Work order —
Every line of the material must be given again verbatim. Skip the images.

START Data

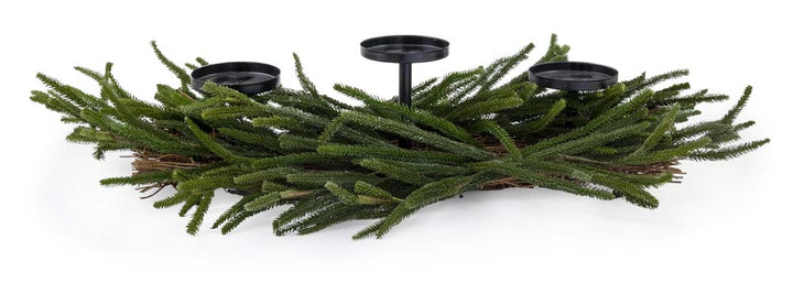 Lifelike evergreen sprigs arranged on a vine base cradle three sleek metal candle plates, creating a clean, low-profile centerpiece with sculptural depth. Crafted from foam, polyester, and fabric botanicals for long-lasting freshness, this greenery accent brings a subtly festive focal point to dining tables, consoles, or mantels without any upkeep. Approximate dimensions are 27 x 11 x 6 inches.
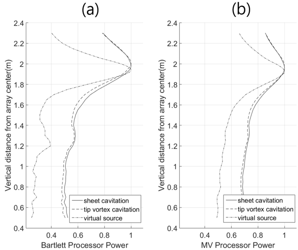 Maximum powers of the Bartlett processor (a) and the MV processor (b) with respect to depth for the virtual source, the sheet cavitation and the tip vortex cavitation.
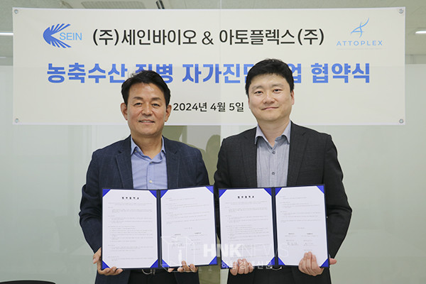 김윤영 대표는 “이번 업무협약을 통해 세인바이오의 마케팅 역량과 아토플렉스의 차세대 진단 혁신기술이 융복합해 축산농가의 질병 진단비용 절감에 크게 기여할 것”이라고 전했다.

END Data

Response area —
 Lifelike evergreen sprigs arranged on a vine base cradle three sleek metal candle plates, creating a clean, low-profile centerpiece with sculptural depth. Crafted from foam, polyester, and fabric botanicals for long-lasting freshness, this greenery accent brings a subtly festive focal point to dining tables, consoles, or mantels without any upkeep. Approximate dimensions are 27 x 11 x 6 inches.
 Maximum powers of the Bartlett processor (a) and the MV processor (b) with respect to depth for the virtual source, the sheet cavitation and the tip vortex cavitation.
 김윤영 대표는 “이번 업무협약을 통해 세인바이오의 마케팅 역량과 아토플렉스의 차세대 진단 혁신기술이 융복합해 축산농가의 질병 진단비용 절감에 크게 기여할 것”이라고 전했다.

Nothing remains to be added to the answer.